Customer shall be obliged forthwith upon demand and from time to time unconditionally to indemnify and hold the Bank harmless, without set-off, limitation or counterclaim, in the event the Bank or any one or more of its affiliates, agents, nominees or sub-custodians, howsoever described, suffers or incurs, or determines in its absolute discretion that it is or may be likely to suffer or incur, any custom, duty, excise, taxation, stamp or withholding, levy, deduction or charge of whatsoever nature, including penalties, costs, charges and legal expenses incurred in respect thereof, with regard to or in respect of any of Customer’s assets held by or in the name of or in the custody network of the Bank in connection with this Agreement or otherwise.

with:

“If we incur any tax while holding assets for you under this contract, you must reimburse us upon request.”

Simple, too, aids easy comprehension at a time when things are going to hell.

Almost all the tools you need are in the master. It bears repeating that, in these days of daily variation margin, it will be a rare day when your only option to close out a loss-making ISDA will be a NAV trigger or a key person clause.

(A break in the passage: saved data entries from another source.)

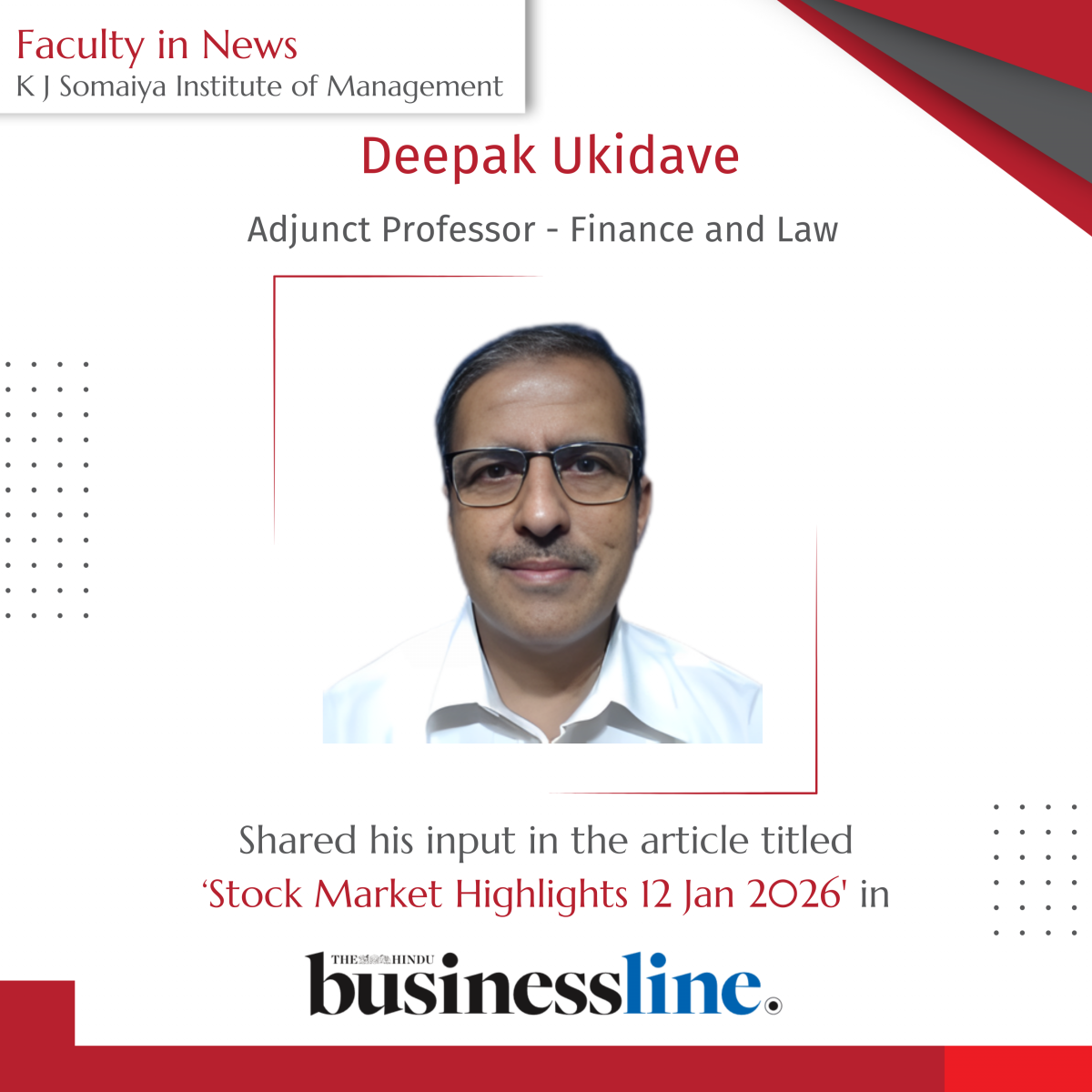 Prof. Deepak Ukidave, Adjunct Professor - Finance and Law, K J Somaiya Institute of Management was featured in The Hindu BusinessLine for sharing his expert insights in the article titled “Stock Market Highlights 12 Jan 2026.”
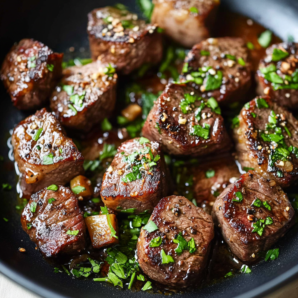 Garlic Butter Steak Bites are a savory sensation, featuring tender beef infused with rich garlic and buttery goodness. Perfect as an appetizer or main dish to impress at any gathering!
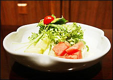 4.お皿にサラダを盛りつけ、ソースをかけて、できあがり。
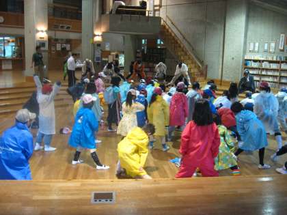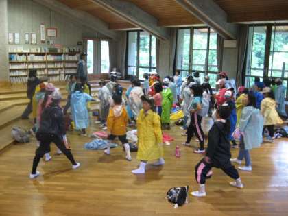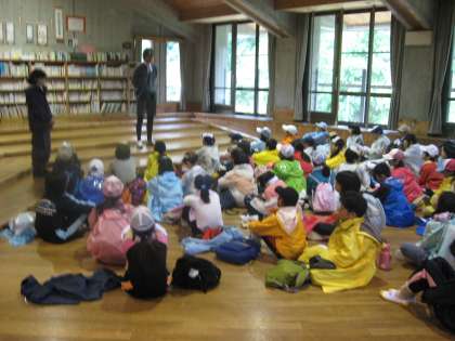 引率指導していただく花背山の家の先生からお話をいただいたあと,準備運動。そして,出発です。
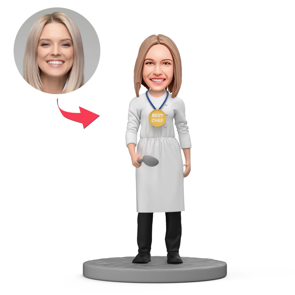 Female Wear Best Chef Gold Medal Custom Bobblehead with Engraved Text
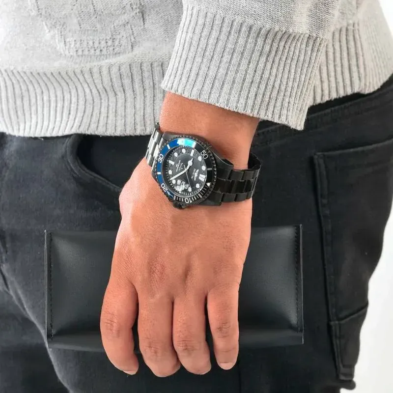 44713 שעון אינווקטה שחור לגבר | לוח שחור גלים מיוחד | באזל כחול שחור ספורטיבי | מנגנון יפני כולל שנתיים אחריות | Invicta Pro Diver 44713 Men's Quartz Watch - 43mm
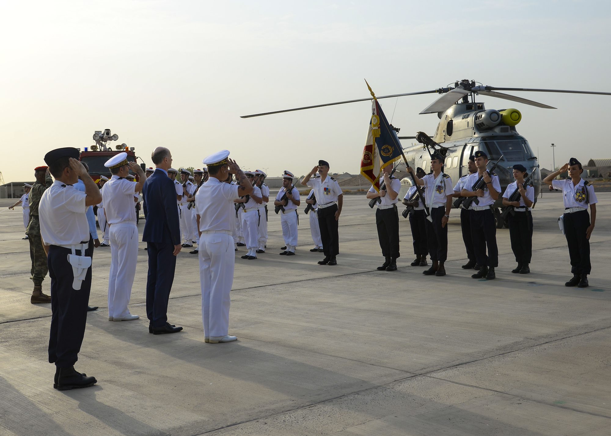 French troops render a salute to senior officers, left, during the Bastille Day ceremony at the French base in Djibouti, July 14, 2016. Also commonly referred to as French National Day, Bastille Day is an annual celebration of French unity that began one year after the storming of the Bastille in 1789. France established its presence in Djibouti (then called the Protectorate of Obock) in the 1880s. (U.S. Air Force photo by Staff Sgt. Benjamin Raughton/Released)
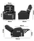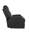 Experience ultimate comfort with this black leather recliner chair. Its plush PU leather upholstery and thick foam padding provide excellent support, while the adjustable backrest and footrest tilt up to 135 degrees let you find your perfect relaxing position. A convenient side pocket keeps your essentials close by, making it ideal for reading, watching movies, or unwinding. Treat yourself to a chair that adapts to your needs and enhances every moment of leisure.
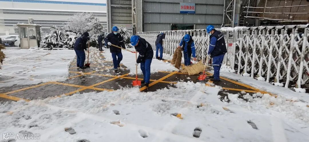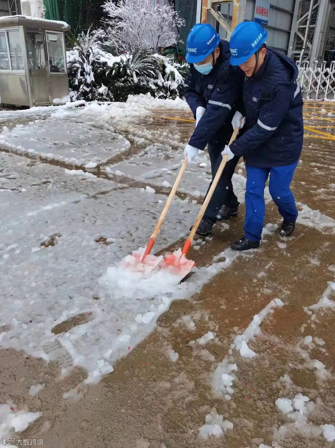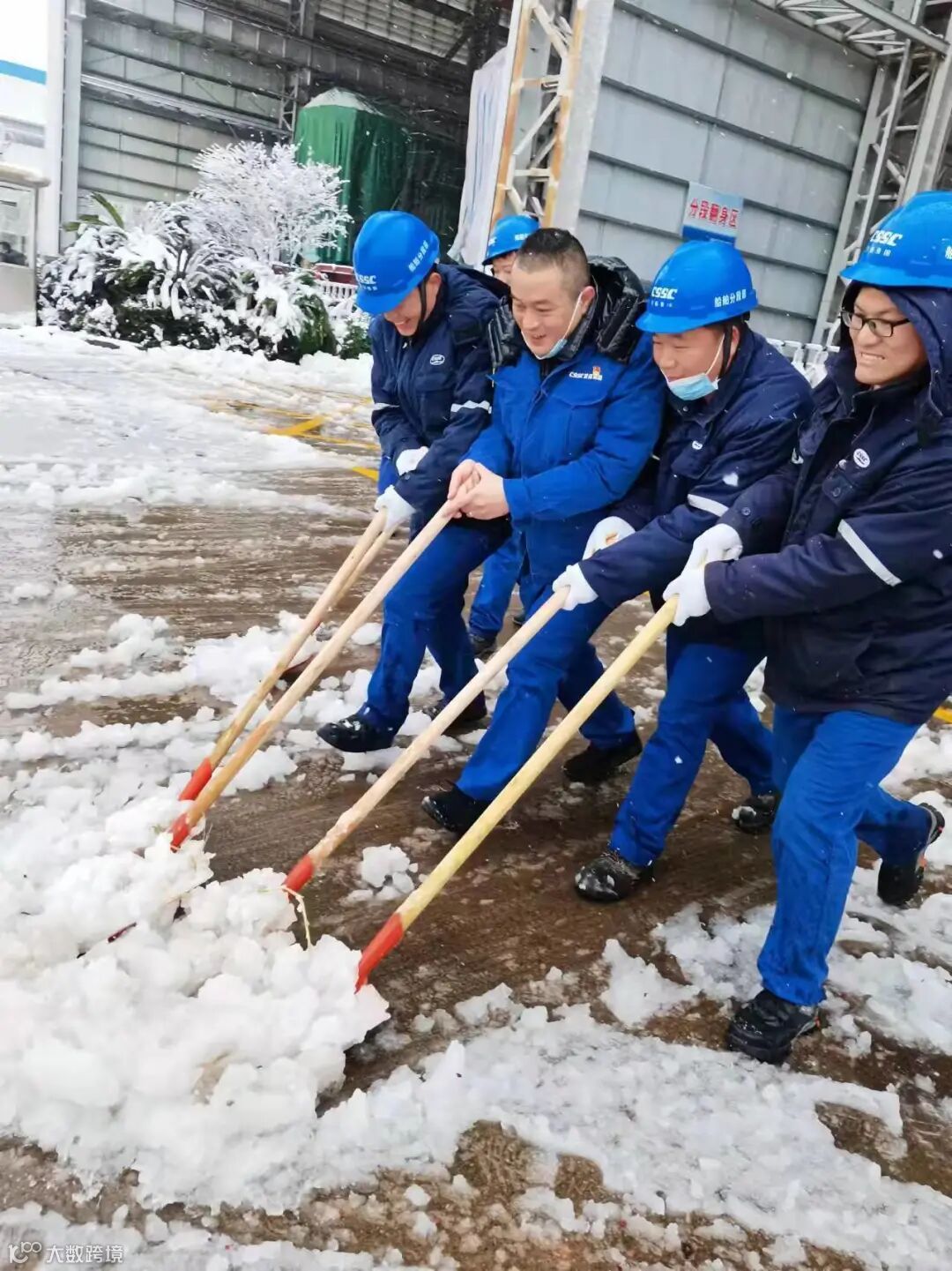 加班的同志们,一边用十足的创意享受美丽雪景带来的喜悦,一边通力协助,清扫除雪,防滑防摔,保障道路和生产区域安全生产。
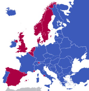 A map of Europe showing monarchies (red) and republics (blue). Credit: Wikipedia
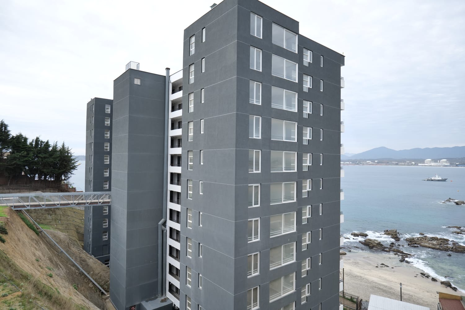 También se destacan los pavimentos peatonales, vegetación adecuada para el clima de la zona, clima accesible por el borde costero, paso sintético, bancas, portería, accesos controlados y vista al mar, ejecutado por la Inmobiliaria Tasco.
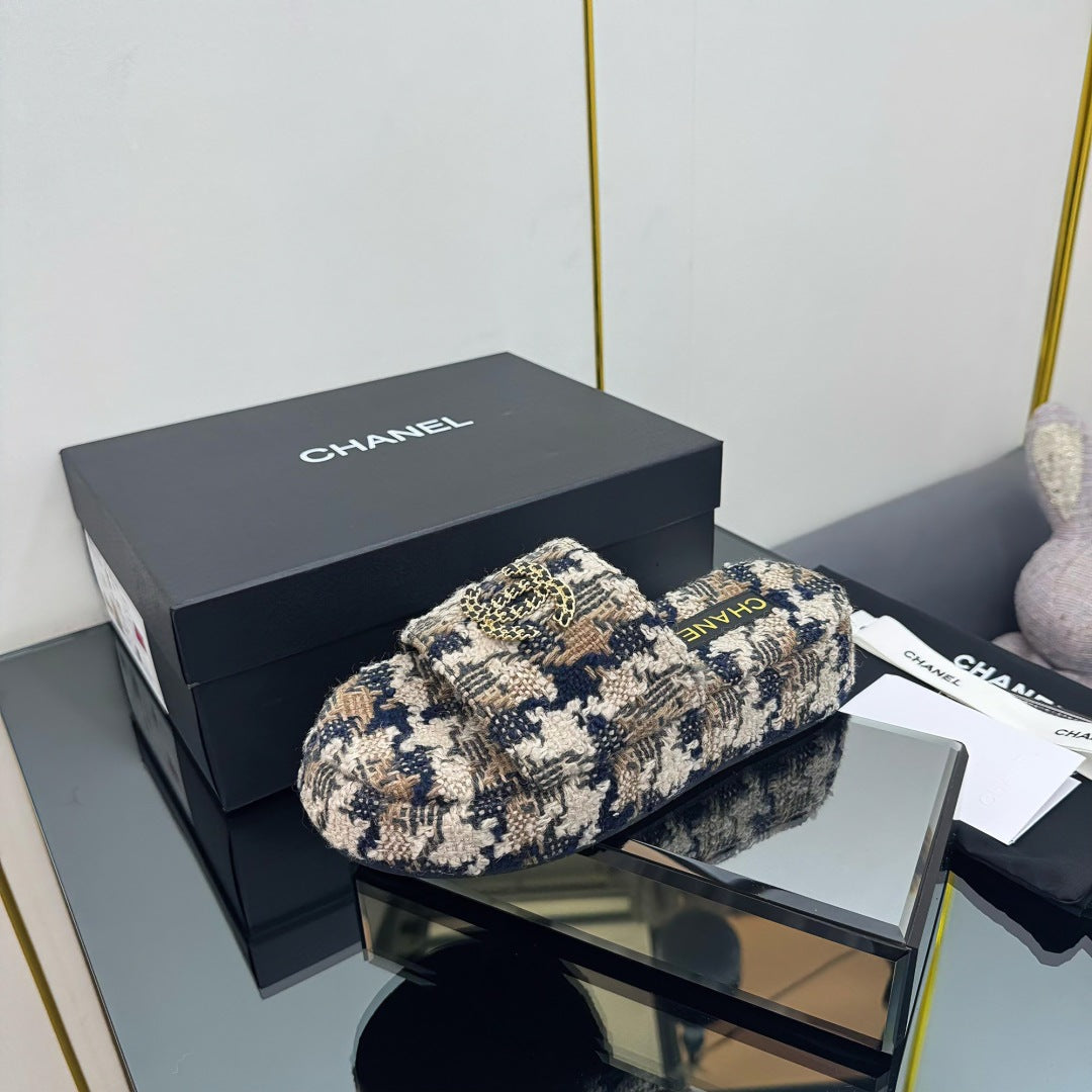 CC 25S Dad Sandal White Black Tweed Calfskin
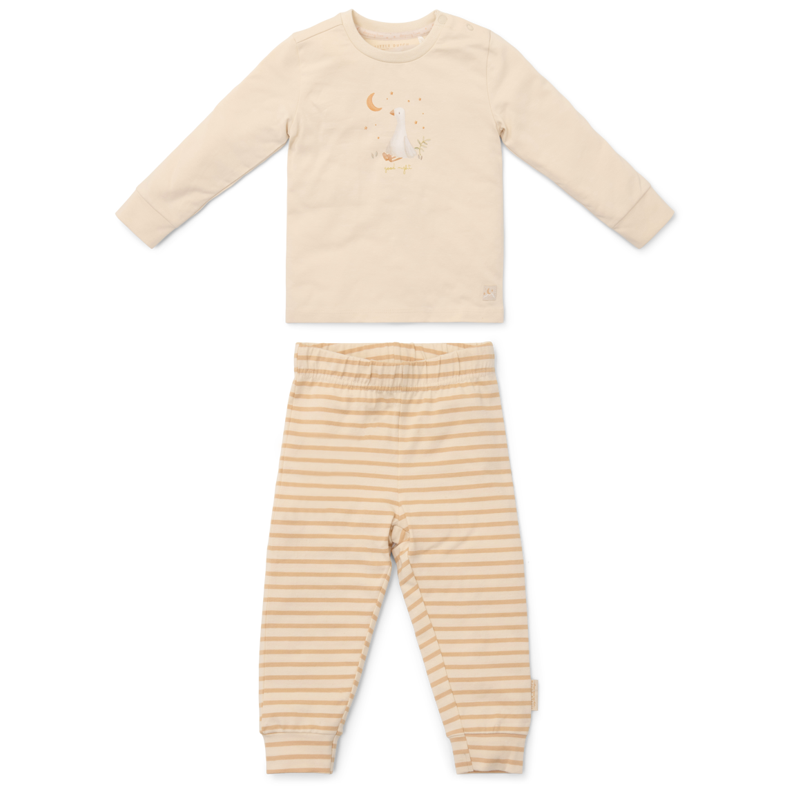 Sleepy Baby Gans: Ein Schlafanzug, der mit neutralen Tönen und einer kuscheligen Gans zum Einschlafen einlädt. Die Hose dieses zweiteiligen Sets ist weiß-beige gestreift und wird durch ein charmantes Baby-Gänse-Motiv auf dem cremefarbenen Hemd ergänzt. Der Schlafanzug ist auf die passende Bettwäsche abgestimmt und besteht aus Baumwolle (Bio), die weich und bequem für die empfindliche Haut Ihres Kindes ist. Verpackt in einer schönen Geschenkbox und erhältlich in den Größen 62/68, 74/80, 86/92 und 98/104. Waschanleitung: Maschinenwäsche bei 30°C im Schonwaschgang; bei niedriger Temperatur auf links bügeln; nicht chemisch reinigen; nicht bleichen; nicht im Trockner trocknen Farbe: Sand Material: 96% Baumwolle (Bio) / 4% Elasthan Kollektion: Nightwear KollektionNatural Stripes
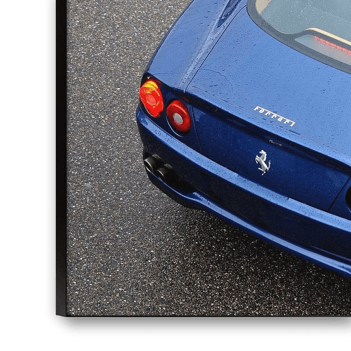 Blue Ferrari 550 Maranello GT sports car in blue seen from above. The Ferrari 550 Maranello (tipo F133) is fitted with a V12 engine and is a 2-seater grand tourer.
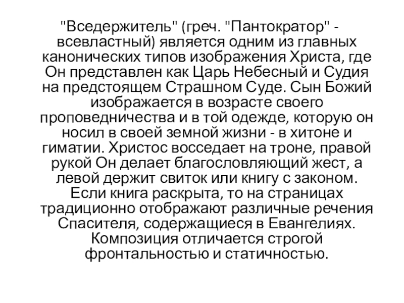 Слайд 17"Вседержитель" (греч. "Пантократор" - всевластный) является одним из главных канонических типов
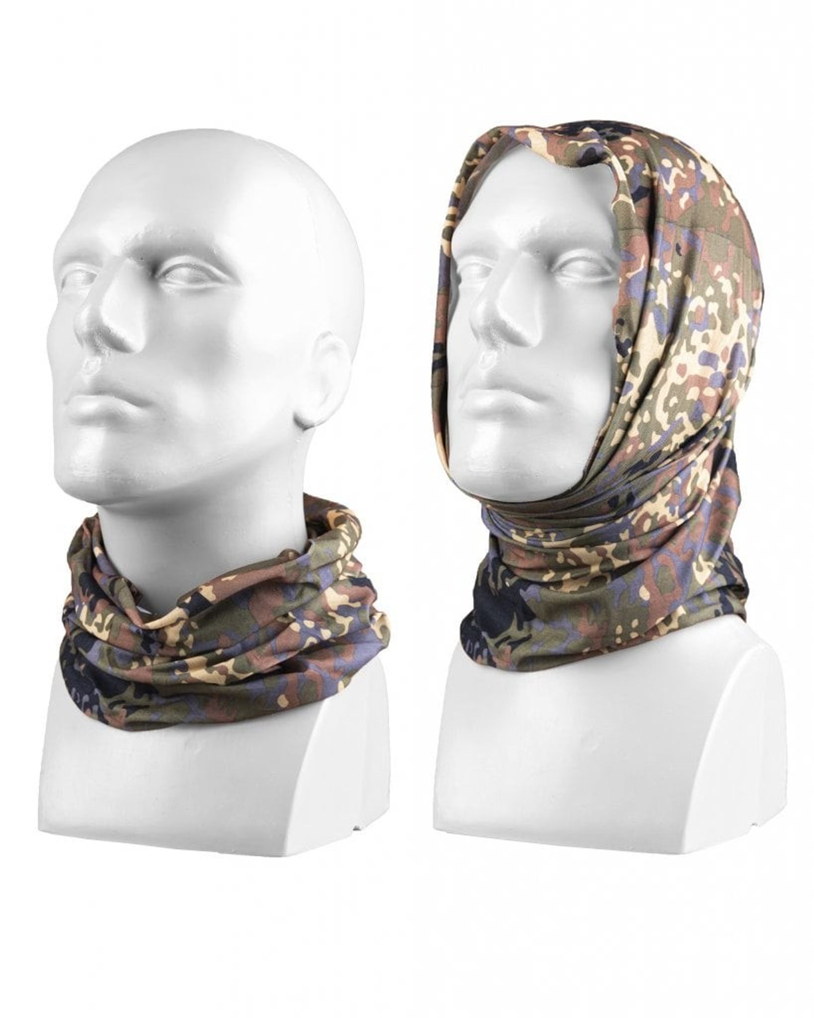 Tubhalsduk i tyska flecktarn. Tubhalsduken är ett multifunktionellt plagg som används som halsduk, ansiktsskydd, mössa, balaclava med mera.
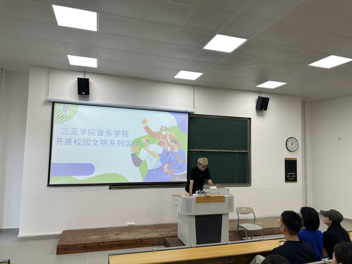 音乐学院举办校园文明系列讲座与文明情景剧活动,旨在通过深入讲解与生动演绎提升同学们的文明素养。在讲座中,学子们了解了社会礼仪与道德规范,情景剧则通过角色扮演让同学们更直观地体验文明行为的实际应用。这些活动不仅加深了同学们对文明的理解,也为校园文化增添了更多活力与创意。
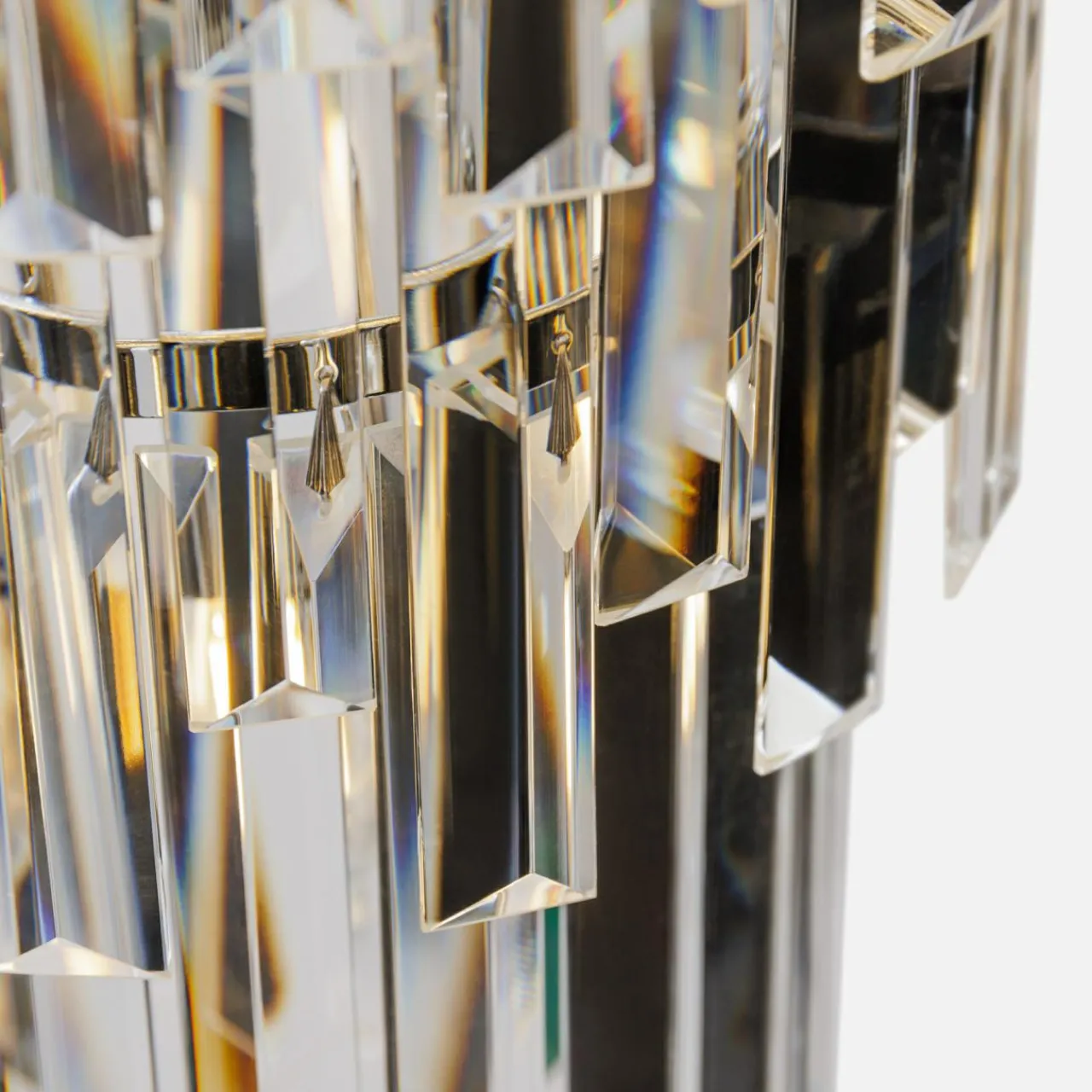 - Szklane kryształki zawieszone na metalowej podstawie uformowane są w okręgach na wzór kaskady – od największego koła do najmniejszego.

  1. What is the difference between a schedule, an appendix and an annex?
  2. David Graeber makes a fascinating point when discussing the non-origin of currency out from barter: barter is an arm’s length trade of equivalent goods conducted between parties who are dispositionally rivals and not partners. Once the exchange happens, nothing is left on the table; there is no presumption of enduring goodwill, no expectation of further business, or any kind of obligation undischarged. A barter is an exchange conducted with untrusted aliens. Inside your community, where there is trust, we are less compelled to extract our precise pound of flesh: there is a give and take; we let obligations lie undischarged and they acquire a moral quality. These are the ties that bind — the imperative becomes to avoid fully discharging our dues to each other. This is the relationship we should aspire to with our customers. We trust them to pay later — we extend credit. (Hence money emerged not from fair value barter with strangers but as a way of evidencing indebtedness amongst those who knew each other. You don't extend credit to aliens.
  3. Were it not for the deeply embedded agency problem inside most organisations, by dint of which these arrangements could well be, this would be a bit silly. As It is, it probably isn’t.
  4. JC is well aware that, among management consultants, this view borders on the heretical.
  5. This happened in New Zealand in 1981. True story.
  6. Controversial, I know, but this seems increasingly likely to have been the case.